The computation of the subset is simple operation using two useful pull
information (1) the set of common changeset before the pull (2) the set of
pulled changeset. We move this data into the `pulloperation` object since some
phase will need them. And we turn the pulled subset computation behind a
property case as multiple pull phase will need it.
Now that every necessary information is held in the `pulloperation` object, we
can finally extract the phase synchronisation phase to it's own function.
This changeset is pure code movement only.
We compute the set of local changeset that were target of the pull. This is then
used by phases logic to decide which part of the history should have it phase
updated.
We move this information into the object to allow extraction of phase
synchronisation in its own function.
I expect obsolete marker exchange to use it too in the future.
Most local change that occurs during a pull are doing within a `transaction`.
Currently this mean (1) adding new changeset (2) adding obsolescence markers. We
want the two operations to be done in the same transaction. However we do not
want to create a transaction if nothing is added to the repo. Creating an empty
transaction would drop the previous transaction data and confuse tool and people
who are still using rollback.
So the current pull code has some logic to create and handle this transaction on
demand. We are moving this logic in to the `pulloperation` object itself to
simplify this lazy creation logic through all different par of the push.

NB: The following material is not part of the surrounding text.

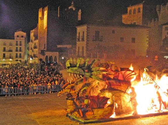 In Cáceres, San Jorge festivities take the form of a grand parade including a figure representing the dragon that is later burned.

Note that, in the future, other part of pull (phases, bookmark) will probably
want to be part of the transaction too.
The obsolescence marker exchange code was already extracted during a previous
cycle. We are moving the extracted functio in this module. This function will
read and write data in the `pulloperation` object and I prefer to have all core
function collaborating through this object in the same place.

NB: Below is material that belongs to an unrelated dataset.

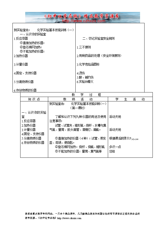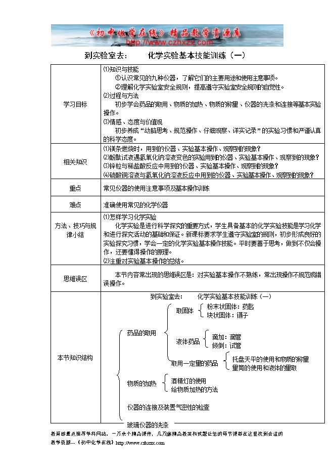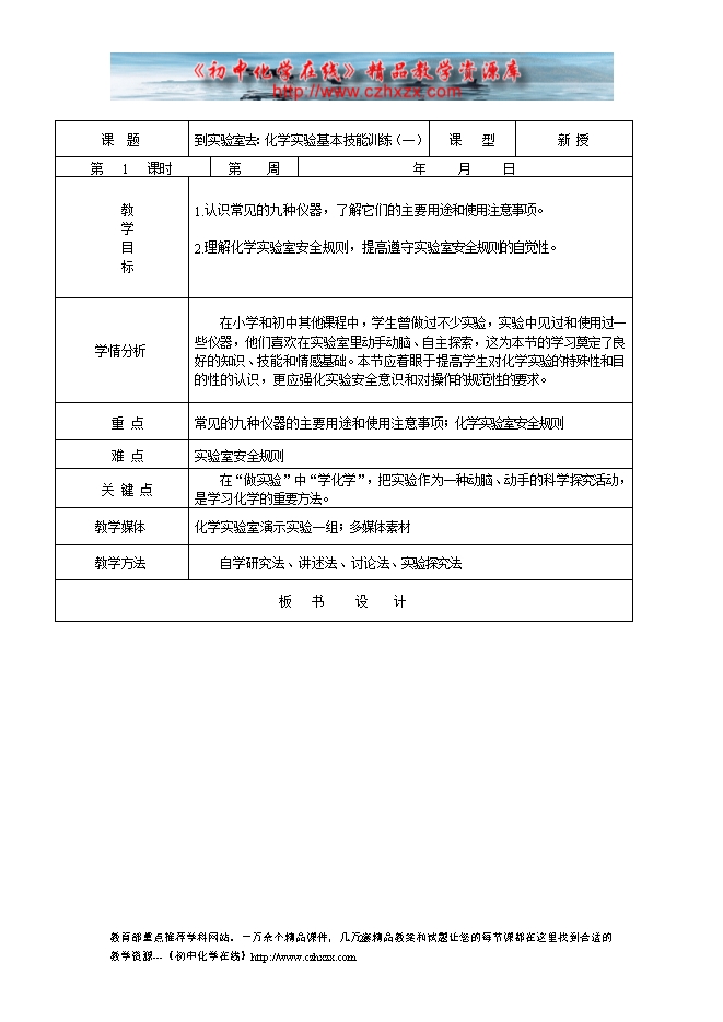 2014-2015新鲁教版初中化学《第一单元到实验室去:化学实验基本技能训练(一)》教学设计

This changeset is pure code movement only. Code change for direct consumption of
the `pulloperation` object will come later.
This object will hold all data and state gathered through the pull. This will
allow us to split the long function into multiple small one. Smaller function
will be easier to maintains and wrap. The idea is to blindly store all
information related to the pull in this object so that each step and extension
can use them if necessary.
We start by putting the `repo` variable in the object. More migration in other
function.
The localrepo class if far too big. Push and pull logic are extracted and
reworked to better fit with the fact we exchange more than bundle now.
This changeset extract the pulh code. later changeset will slowly slice it into
smaller brick.
The localrepo.pull method is kept for now to limit impact on user code. But it
will be ultimately removed, now that the public API is hold by peer.
Now that every necessary information is held in the `pushoperation` object, we
can extract the new common set computation to it's own function.
This changeset is pure code movement only.
The phase synchronisation start by computing the new set of common head between
local and remote and then do the phase synchronisation on this set. This new
common set logic will eventually be used by the obsolescence markers exchange.
So we are going to split the long phase synchronisation in two.
Now that every necessary information is held in the `pushoperation` object, we
can extract the discovery logic to it's own function.
This changeset is pure code movement only.
Now that every necessary information is held in the `pushoperation` object, we
can extract the part responsible of aborting the push to it's own function.
This changeset is mostly pure code movement. the exception is the fact this
function returns a value to decide if changeset bundle should be pushed.